Review History


To increase transparency, PeerJ operates a system of 'optional signed reviews and history'. This takes two forms: (1) peer reviewers are encouraged, but not required, to provide their names (if they do so, then their profile page records the articles they have reviewed), and (2) authors are given the option of reproducing their entire peer review history alongside their published article (in which case the complete peer review process is provided, including revisions, rebuttal letters and editor decision letters).

New to public reviews? Learn more about optional signed reviews and how to write a better rebuttal letter.

Summary

  • The initial submission of this article was received on March 31st, 2014 and was peer-reviewed by 2 reviewers and the Academic Editor.
  • The Academic Editor made their initial decision on April 21st, 2014.
  • The first revision was submitted on June 9th, 2014 and was reviewed by the Academic Editor.
  • The article was Accepted by the Academic Editor on June 9th, 2014.

Version 0.2 (accepted)

· · Academic Editor

Accept

I would like to thank you very much for the efforts you made to carefully address the reviewers' comments.

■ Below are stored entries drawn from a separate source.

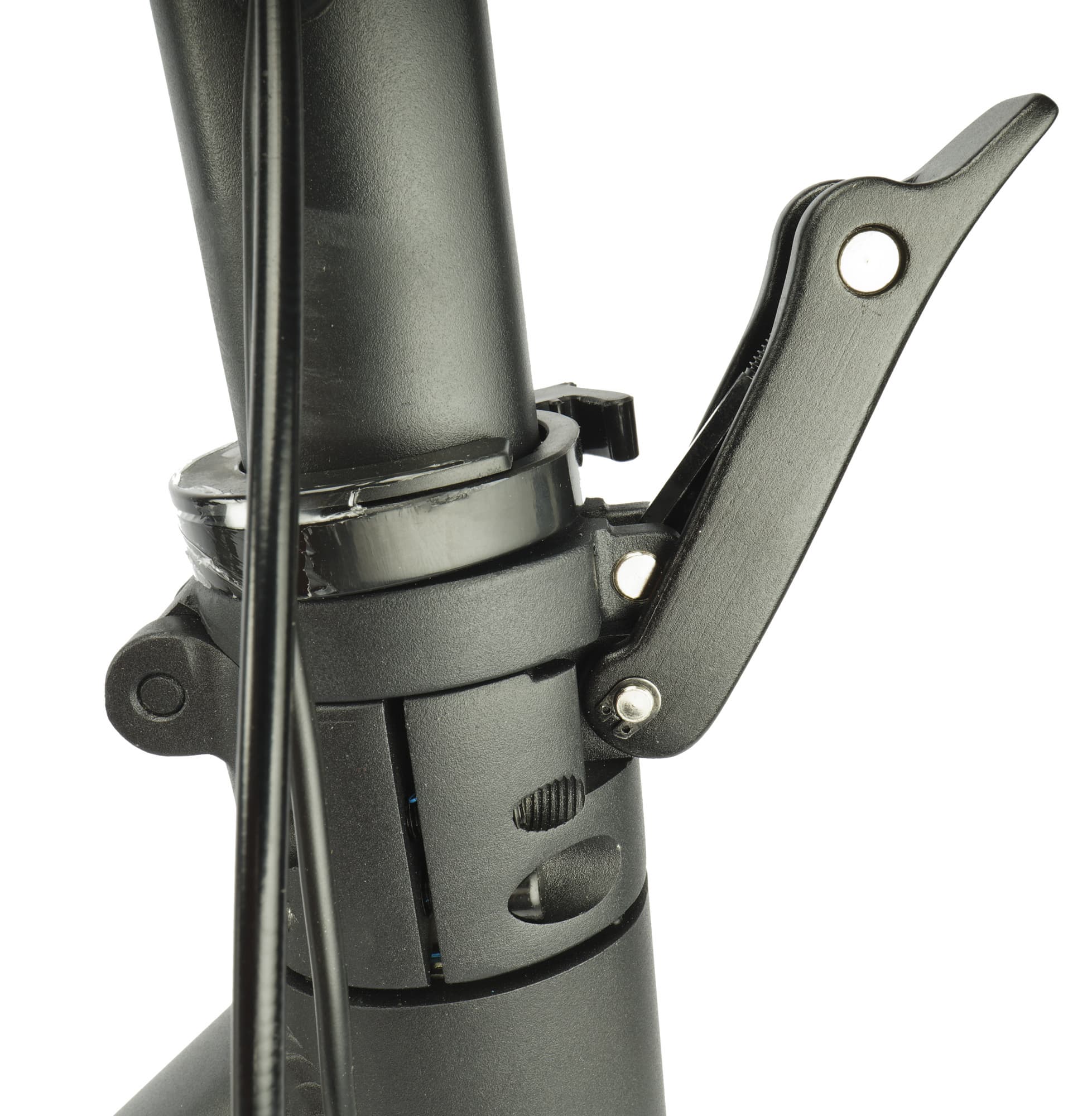 Таким образом, пластиковое кольцо является единственным механизмом, отвечающим за безопасность в фиксации стойки. Насколько это надежно — каждый решит сам. Мы же можем лишь сообщить, что вот такое пластиковое кольцо — это стандартное решение для целого ряда складных моделей.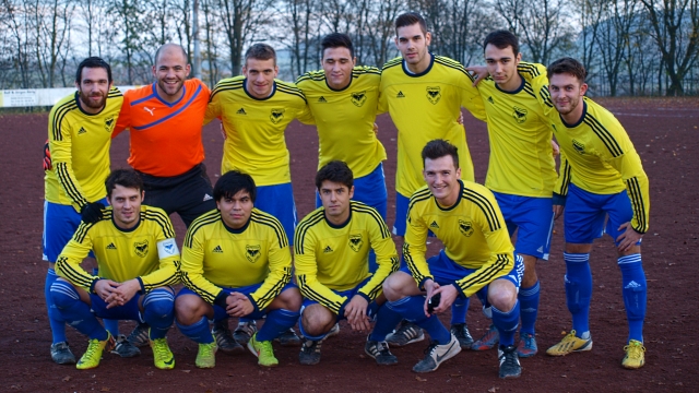Kader der DJK Plaidt – Foto, hintere Reihe von links: Steven Lehmann, Andreas Kuhlen (TW), Martin Paffhausen, Kevin Neumann, Lars Angemeer, Simon Schmitt, Andi Samson. Vordere Reihe von links: Daniel Raasch (Cpt.), Peter Sachse, Tim Büchel, Dominik Mürtz. Ersatzbank: Marlon Schumacher, Mohammad Ghafouri, Jan Angemeer, Dominic Kohnz.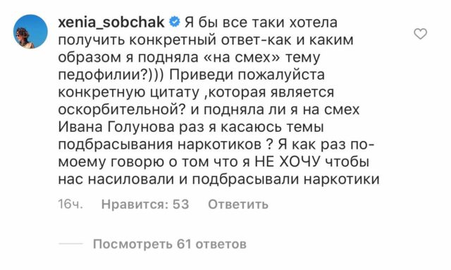 «Я бы все таки хотела получить конкретный ответ – как и каким образом я подняла «на смех» тему педофилии?))) Приведи пожалуйста конкретную цитату, которая является оскорбительной? И подняла ли я на смех Ивана Голунова раз я касаюсь темы подбрасывания наркотиков? Я как раз по-моему говорю о том, что я НЕ ХОЧУ чтобы нас насиловали и подбрасывали наркотики (орфография и пунктуация автора – прим. ред.)», — заявила Собчак.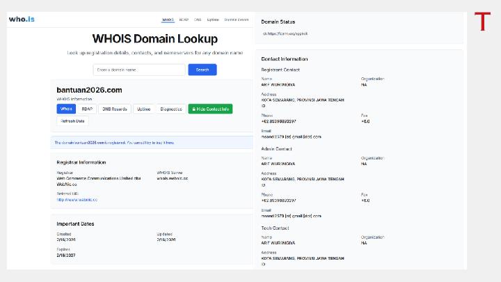 Furthermore, a domain search via who.is confirmed that the link does not belong to the Ministry of Social Affairs; instead, it is registered to a private individual. The owner is based in Central Java, and the website was created only one month ago.

Version 0.1 (original submission)

· · Academic Editor

Minor Revisions

Please address minor points raised by the reviewer #1.

Reviewer 1 ·

Basic reporting

In Fig.2, label A is missing. The samples used in Fig.2A and Fig.2B should be consistent. And the orientations of the labels for x axes in Fig.2B and Fig.2D are better to be the same.

Experimental design

No comments.

Validity of the findings

In line 437, the authors found “shNRP-1 interacts with heparin much more weakly
than Fc NRP1 (this work) or the b1-b2 domains in isolation.” The authors should state how similar the shNRP-1 is to rNRP-1, so that the property of the human truncated variant shNRP-1 differs from that of Rat fusion Fc- rNRP-1 is mainly because of the conformation or integrity of the proteins, not because of the difference of the protein sequences.

Comments for the author

It is very interesting result that the authors identified heparin binding sites of NRP-1 by selective labelling of lysines protected upon heparin binding. As the authors have mentioned, it would need further confirmation of the binding sites. Mutations of the proposed binding sites or truncation of MAM type c domain may verify the authors’ speculations in the future. And it would be nice if the authors could show the conserved protein sequence of the mapped heparin binding sites across the species.

Reviewer 2 ·

Basic reporting

No comment

Experimental design

No comment

Validity of the findings

No comment

Comments for the author

Understanding the molecular basis for Nrp’s specific binding to multiple heparin binding sites will allow us to engineer Nrp modulators that can be designed with specificity for a particular ligand. The observations made in this paper advance the search for more selective inhibitors/activators of Nrp signaling.

All text and materials provided via this peer-review history page are made available under a Creative Commons Attribution License, which permits unrestricted use, distribution, and reproduction in any medium, provided the original author and source are credited.